By Mark C. Niles
Among the things I most love about Seattle University School of Law are its diverse faculty and student body and its commitment to equal justice. One of the pillars of that commitment is our life-changing Academic Resource Center and Access Admission Program.
This fall we will celebrate the 25th anniversary of the Academic Resource Center, which exemplifies the law school's mission to educate leaders for justice and our goal of increasing access to and diversity in the legal profession. To provide access for people from populations underrepresented in the legal profession, the program considers an applicant's life experience and promise in addition to traditional admission criteria.

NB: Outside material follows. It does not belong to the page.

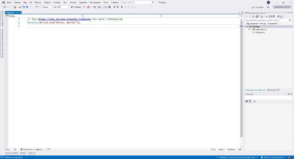 3. Комментарий, который автоматически пишется при выборе языка C#, можно убрать ради чистоты кода:

ARC provides the support necessary for their success. This program, one of the few remaining true access programs in the country, is literally changing the face of the legal profession.
ARCies, as graduates of this beloved program call themselves, will no doubt turn out in force for the celebration to reconnect with other alumni and the indefatigable and inspirational ARC founders, professors David Boerner and Paula Lustbader.
But the anniversary is not a celebration just for the ARCies. It is a cause for all of us to recognize the law school's uninterrupted commitment to access and diversity in the legal profession through the ARC Access Admissions Program and its early-entry predecessor, and to honor the more than 700 alumni who have enhanced the profession with their service.
To mark this occasion, the law school is inviting the greater legal community to a reception featuring prominent members of the legal community at 5:30 p.m. Friday, Sept. 9. It will be my great honor to welcome members of the King County Bar Association to the law school for our celebration. We know many of you have benefited from the experience of these exceptional graduates in your firms, agencies and organizations.
Given access to legal education, ARC alums enrich the law school and the profession. Although they comprise only 10% of the student population, ARC students are disproportionately overrepresented as faculty scholars, Student Bar Association presidents and graduation speakers. They go on to be leaders in the legal profession, bar associations and their communities. They continue to serve the law school long after they graduate.